Information >>
++++++++++

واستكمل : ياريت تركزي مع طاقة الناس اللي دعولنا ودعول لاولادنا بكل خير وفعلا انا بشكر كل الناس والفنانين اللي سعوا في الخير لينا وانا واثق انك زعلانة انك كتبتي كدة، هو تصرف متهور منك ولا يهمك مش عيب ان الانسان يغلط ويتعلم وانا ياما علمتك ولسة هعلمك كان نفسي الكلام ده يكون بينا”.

++++++++++

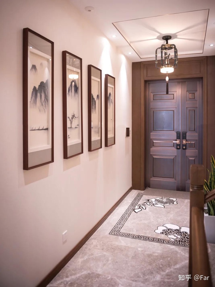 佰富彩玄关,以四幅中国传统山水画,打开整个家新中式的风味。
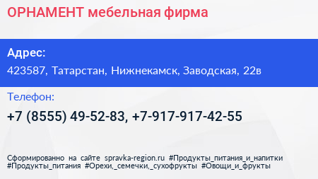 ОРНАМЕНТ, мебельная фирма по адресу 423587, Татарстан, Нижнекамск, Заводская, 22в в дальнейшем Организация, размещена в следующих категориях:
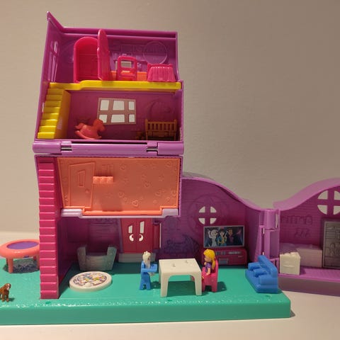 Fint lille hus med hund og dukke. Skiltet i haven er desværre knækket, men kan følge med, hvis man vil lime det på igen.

++++++++++

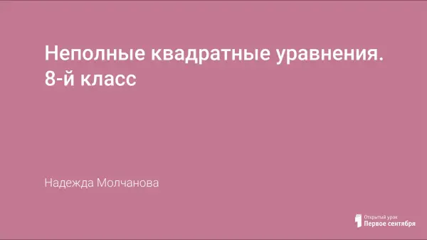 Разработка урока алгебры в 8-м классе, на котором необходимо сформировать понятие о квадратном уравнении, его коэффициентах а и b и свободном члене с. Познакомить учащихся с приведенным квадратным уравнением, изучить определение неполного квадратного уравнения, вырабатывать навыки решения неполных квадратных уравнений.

++++++++++

Description of the task >>
Reproduce, word for word, everything in the listing above from the line containing "佰富彩玄关,以四幅中国传统山水画,打开整个家新中式的风味。" down to the line containing "Fint lille hus", both of them included. No pictures.

Written answer >>
 佰富彩玄关,以四幅中国传统山水画,打开整个家新中式的风味。
 ОРНАМЕНТ, мебельная фирма по адресу 423587, Татарстан, Нижнекамск, Заводская, 22в в дальнейшем Организация, размещена в следующих категориях:
 Fint lille hus med hund og dukke. Skiltet i haven er desværre knækket, men kan følge med, hvis man vil lime det på igen.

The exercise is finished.